Qualche giorno fa è ritornato attuale il Lodo Mondadori, una vicenda finanziaria e giudiziaria, iniziata a metà degli anni ‘80, che vede coinvolti due grandi imprenditori italiani: Silvio Berlusconi e Carlo De Benedetti.

Ma vediamo di ricostruire i fatti:

A metà degli anni ottanta Silvio Berlusconi acquisisce quote sempre più consistenti della Mondadori, rimanendo tuttavia un socio di minoranza.

Nel 1988, dopo l’acquisto da parte di Silvio Berlusconi delle azioni di Leonardo Mondadori, la Arnoldo Mondadori Editore è in mano a tre soggetti: la Fininvest di Silvio Berlusconi, la CIR di Carlo De Benedetti e la famiglia Formenton (gli eredi di Arnoldo Mondadori).
Carlo De Benedetti non approva l’idea di Berlusconi di amministrare personalmente la società e corre ai ripari stipulando un’alleanza con la famiglia Formenton; in pratica De Benedetti riesce a convincere i Formenton a sostenerlo e a vendergli le azioni dell’azienda entro il 30 gennaio 1991 tramite un accordo scritto.

Nel novembre 1989 la famiglia Formenton cambia radicalmente idea e si schiera dalla parte di Berlusconi. Questo consente a Berlusconi di insediarsi come nuovo presidente della compagnia il 25 gennaio 1990.
De Benedetti protesta, forte dell’accordo scritto stabilito pochi mesi prima con i Formenton, ma i vari schieramenti non trovano un accordo soddisfacente per tutti e decidono quindi unanimemente di ricorrere ad un lodo arbitrale.

L’arbitrato è una procedimento stragiudiziale (cioè senza ricorso a processo ordinario) per la soluzione di controversie civili e commerciali, svolto mediante l’affidamento di un apposito incarico ad uno o più soggetti terzi rispetto alla controversia, detti arbitratori, normalmente in numero di 3, di cui 2 scelti da ciascuna delle parti ed il terzo di nomina da parte di una persona al di sopra delle parti (es. il Presidente di un Tribunale), i quali producono una loro pronuncia, detta lodo, che contiene la soluzione del caso ritenuta più appropriata.

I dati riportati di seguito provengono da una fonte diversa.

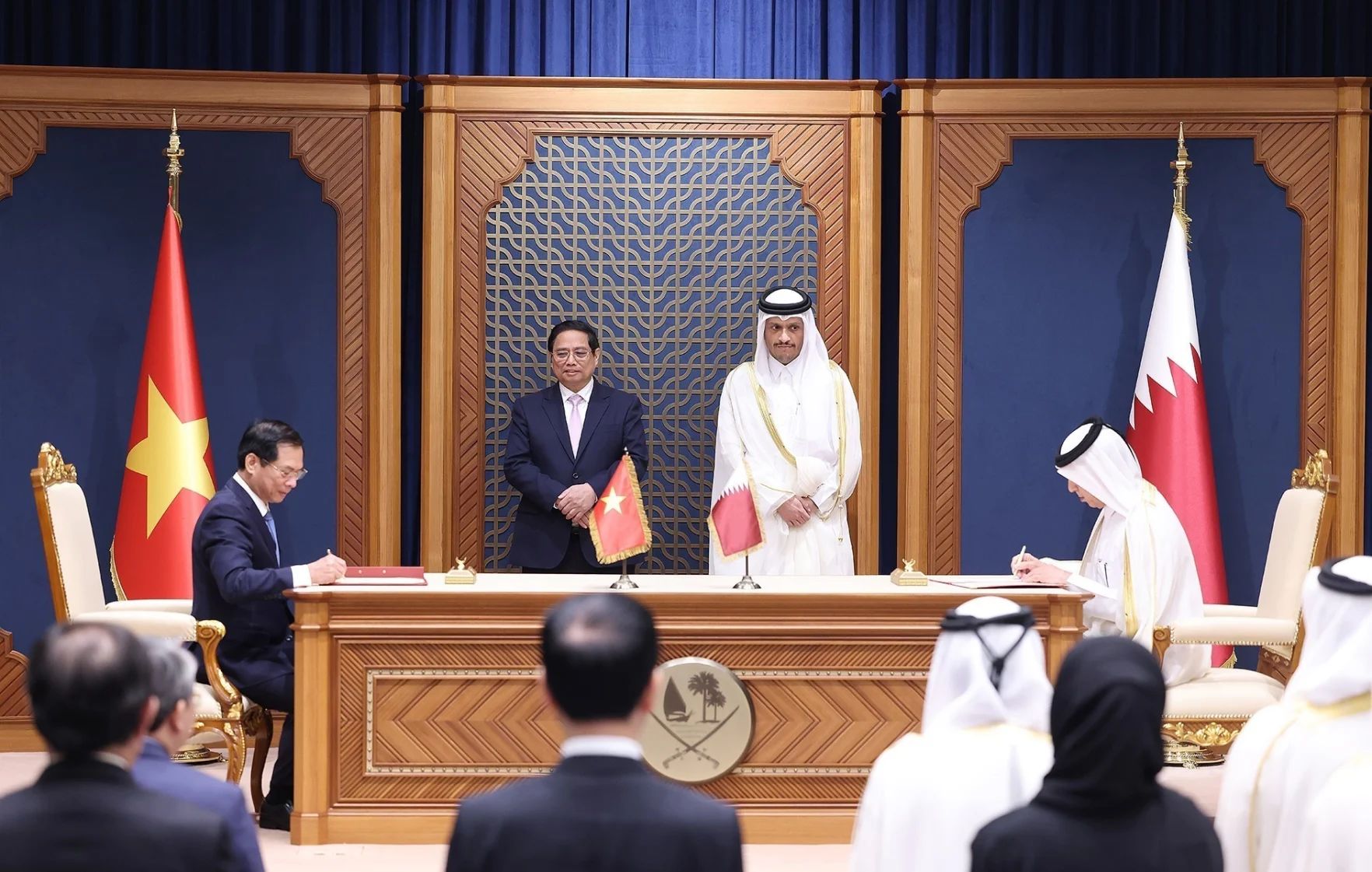 По этому случаю Премьер-министр Фам Минь Тьинь и Премьер-министр Катара шейх Мохаммед бин Абдулрахман Аль Тани присутствовали на церемонии подписания документов о сотрудничестве между министерствами, ведомствами, учреждениями двух стран, включая Протокол между Правительством Государства Катар и Правительством СРВ о внесении изменений в Соглашение между ними о воздушном транспорте, подписанное 8 марта 2009 г., Меморандум о взаимопонимании в области спорта между Правительством СРВ и Правительством Государства Катар, Меморандум о взаимопонимании по вопросам сотрудничества в области права между Министерством юстиции СРВ и Министерством юстиции Государства Катар, Меморандум о взаимопонимании по вопросам сотрудничества между Дипломатической академией Вьетнама при МИД СРВ и Дипломатической академией МИД Государства Катар, Меморандум о взаимопонимании по вопросам сотрудничества в области инвестиций между Государственной корпорацией капитальных инвестиций (SCIC) и Катарским инвестиционным фондом.

Passiamo ora alla vicenda giudiziaria:

Viene quindi organizzato l’arbitrato; chiamato a decidere c’è un collegio di tre arbitri, scelti di comune accordo da De Benedetti, i Formenton e la Corte di Cassazione.

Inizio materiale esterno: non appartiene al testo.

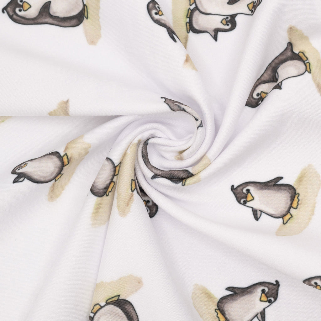 Tissu imprimé avec motifs de petits pingouins sur fond bleu nuageux dans la collection Petits animaux, design unique avec un choix de tissus écoresponsable.

20 giugno 1990: si ha il primo inequivocabile verdetto: l’accordo tra De Benedetti e i Formenton è ancora valido a tutti gli effetti, le azioni Mondadori devono tornare alla CIR. Come conseguenza immediata di questo verdetto Silvio Berlusconi lascia la presidenza di Mondadori e i suoi dirigenti Fininvest lo imitano, venendo rimpiazzati da quelli dell’ingegner De Benedetti (Carlo Caracciolo, Antonio Coppi e Corrado Passera).

Berlusconi e i Formenton tuttavia non gettano la spugna, e impugnano il lodo arbitrale davanti alla Corte di Appello di Roma, la quale stabilisce che ad occuparsi del caso sarà la I sezione civile. La I sezione civile è presieduta da Arnaldo Valente e il giudice relatore è Vittorio Metta.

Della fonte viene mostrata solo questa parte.